Only one person would have seen The Power of the Dog and it still deserves to win the Oscar for best picture. The Oscars ceremony is not the Artis gala. If it remains, in general, consensual and American-centrist – despite the exceptions that confirm the rule – it continues to reward artistic merit at the expense of popularity (which is measured weekly at the box office).

If fewer people watch the Oscars, it’s not so much because the finalists are less popular (a gala dress is a gala dress). Apart from the exceptional years, when the choices of the Academy agree with those of the general public and that a film like titanic is acclaimed, the candidates in the advanced categories are not the heavyweights of the box office.

So why are people watching less and less of the Oscars? In particular because more and more possibilities are offered to them and because, in a television landscape which has evolved enormously, the evening of the Oscars remains a desperately boring show.

In recent years, there was no longer a host to greet the audience with a comedic, failed, or controversial opening monologue. The turn-by-turn entertainment of Amy Schumer, Regina Hall and Wanda Sykes doesn’t inspire much confidence in me, but it’ll still be better than a mute DJ filling the time until the break.

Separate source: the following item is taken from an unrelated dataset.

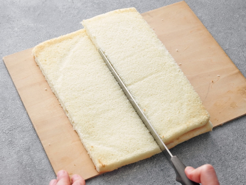 將烤得很平整的海綿蛋糕切成3塊長方形。

Surely there are more ways to rekindle public interest in the Oscars than a desperate attempt to entice it by letting anyone vote (up to 20 times a day!) for anything.

I may be a pure and hard cinephile, who admires the various trades of the cinema, giving so many technical prizes on the air to illustrious strangers is anti-television. If we subtracted half the prizes awarded, and at the same time, half the duration of this interminable gala of awkward thanks, I am convinced that there would be more viewers at the rendezvous.

Until then, what I wish for the leaders of the Oscars, so that they take the full measure of their stupidity, is that a film as bad as Dear Evan Hansen — among the lowest-rated of 2021 on aggregator Rotten Tomatoes (33% favorable reviews from critics, vs. 88% from audiences) — wins an Oscar.

With that, you will excuse me. I have a mediocre musical to win.